The most frequently observed severe adverse event in the trial was diarrhea. In the neratinib treated arm of the trial 38% of the patients experienced grade 3/4 diarrhea while 4% of the patients in the control arm experienced grade 3/4 diarrhea. In several clinical trials subsequent to I-SPY 2, high dose loperamide significantly reduced the incidence of grade 3/4 diarrhea.

The I-SPY 2 TRIAL is a collaborative effort among academic investigators from approximately 20 major cancer research centers across the country, the U.S. Food and Drug Administration, Quantum Leap Healthcare Collaborative, and the Foundation for the National Institutes of Health (FNIH) Cancer Biomarkers Consortium. Major supporters include The Safeway Foundation and the Bill Bowes Foundation.

"I-SPY 2 is an innovative adaptive clinical trial that enabled the investigators to evaluate several agents in the neoadjuvant setting," said Alan H. Auerbach, Chief Executive Officer and President. "We were very pleased with the activity of neratinib in I-SPY 2 as it represents the first clinical data on neratinib in the neoadjuvant treatment of breast cancer and suggests that the combination of paclitaxel plus neratinib has potent activity for the treatment of HER2-positive breast cancer and a subset of patients with HER2-negative breast cancer."

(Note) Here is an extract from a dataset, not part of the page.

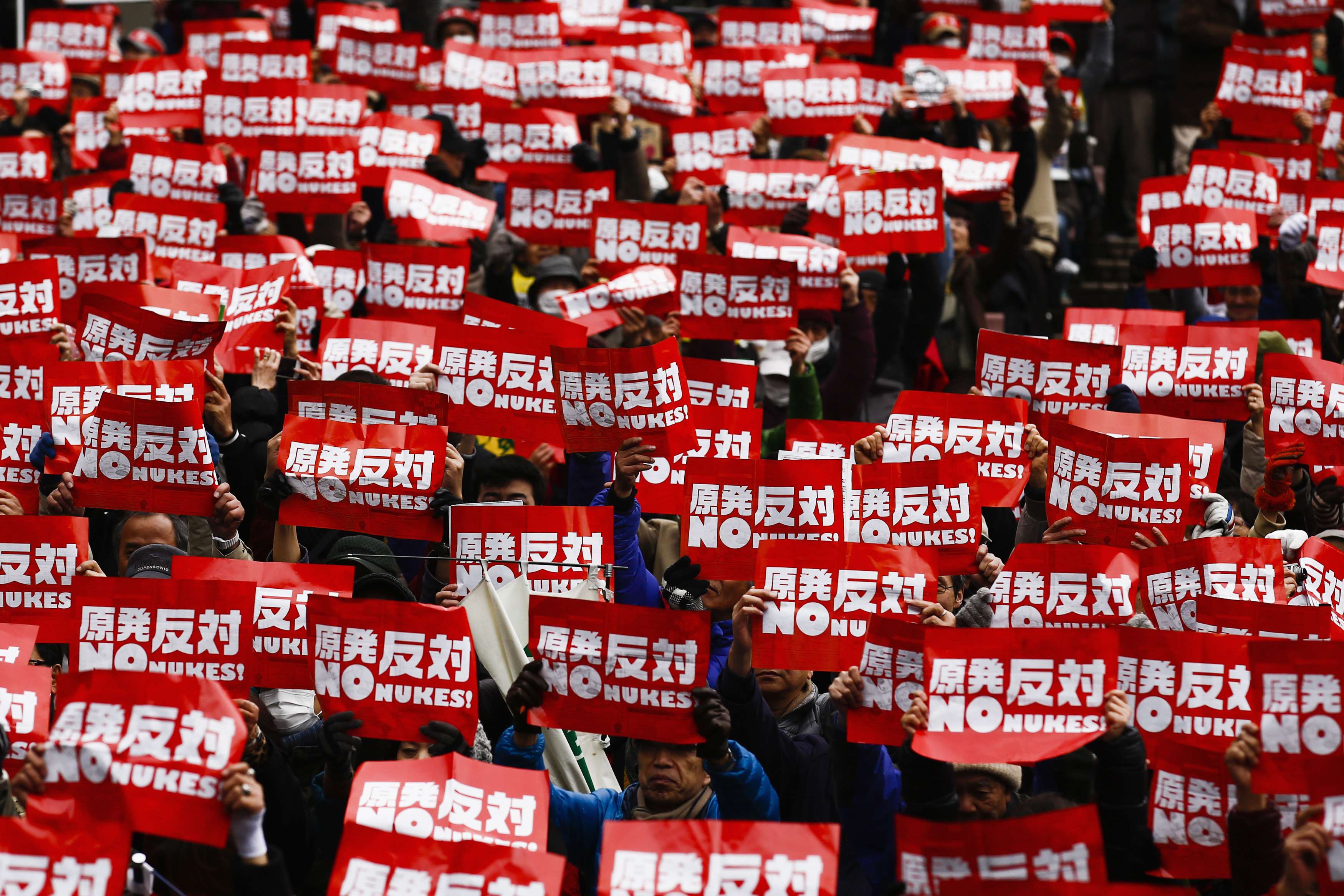 People hold placards denouncing nuclear energy during a rally in central Tokyo March 8, 2015. Anti-nuclear activists took to the streets on Sunday in Tokyo denouncing a planned restart of the country's nuclear reactors ahead of the fourth anniversary of the March 11, 2011 earthquake and tsunami disaster. REUTERS/Thomas Peter (JAPAN - Tags: CIVIL UNREST POLITICS ENERGY TPX IMAGES OF THE DAY) *** Local Caption *** Pengunjuk rasa membawa poster menentang energi nuklir saat menggelar aksi di pusat kota Tokyo, Jepang, Minggu (8/3). Aktivis anti-nuklir turun ke jalan-jalan Tokyo Minggu kemarin untuk mengecam rencana reaktivasi reaktor nuklir menjelang peringatan empat tahun bencana gempa bumi dan tsunami 11 Maret mendatang. ANTARA FOTO/REUTERS/Thomas Peter/ox/15.

I-SPY 2 Principal Investigators Dr. Laura Esserman, Director of the Carol Franc Buck Breast Care Center and Co-Leader of the Breast Oncology Program at the University of California, San Francisco Helen Diller Family Comprehensive Cancer Center, and Dr. Donald Berry, Professor of the Department of Biostatistics at the University of Texas MD Anderson Cancer Center, both expressed their enthusiasm for moving successful agents into confirmatory Phase 3 trials. "We are excited for the opportunity to confirm these promising results in I-SPY 3 in our quest to get better treatments to those women who stand to benefit most. I SPY 3 represents a much needed approach to the conduct of Phase 3 trials," said Laura Esserman.